I say this quote all the time because it best exemplifies. It's from Maya Angelou, and she would say "there is no greater agony than an untold story inside yourself." And that's true. It's really hard to pretend to be somebody else all the time.
And actually, we're never great in relationships when we're not being ourselves. We're never great as parents. We're never great as partners. We're not great in work.
And there's a piece of research that was done in a pharma company that they ran this question, who feels they can be fully themselves at work? Do you want to know what the figure was and it's massively very, very, very successful company, 96% of their top leaders that they could not be themselves at work.

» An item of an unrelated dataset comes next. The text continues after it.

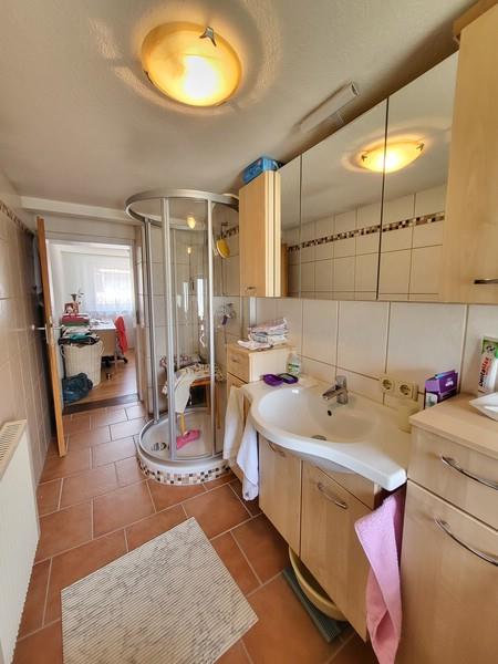 Das Badezimmer im Erdgeschoss ist über das Wohnzimmer zugänglich und mit Badewanne, Waschbecken, Fenster und Waschmaschinenanschluss ausgestattet. In der Obergeschosswohnung wurde das Bad im Rahmen eines Anbaus (1978) moderner gestaltet – mit Dusche, Waschbecken, Waschmaschinenanschluss und Tageslicht. Zusätzlich bietet diese Etage ein separates Esszimmer für mehr Raum und Flexibilität.

Now, what does that mean? And I think for me it got to the point of I didn't really like myself, because the energy was putting into trying to be somebody else, or trying to be perfect I don't even know what that is, or normal because I have no clue what that is either. It was just exhausting.
And I think Judy's right. There's a hunger now there's kind of a palpable hunger for the world's individually and respectfully seeing see us, hear us, I think everybody's saying that you don't have to have a disability for that right? I think we're all yearning to belong uniquely as ourselves. And that's there's an energy in that you can feel it and it's coming in brands for those of you in business.
You're seeing it in brands and how the brands are expressing themselves in advertising. So don't underestimate the sense of human experience that's happening in business right now. That is really about the individual truly belonging as themselves.
Thank you I think this has been a great session John. Well, I'm sitting here absolutely wordless. And that doesn't happen too often to me. Ladies, you've done it. We thank you, and you've set the table for three days of learning and how to empower businesses provided they're willing to do it and we suspect that there will be.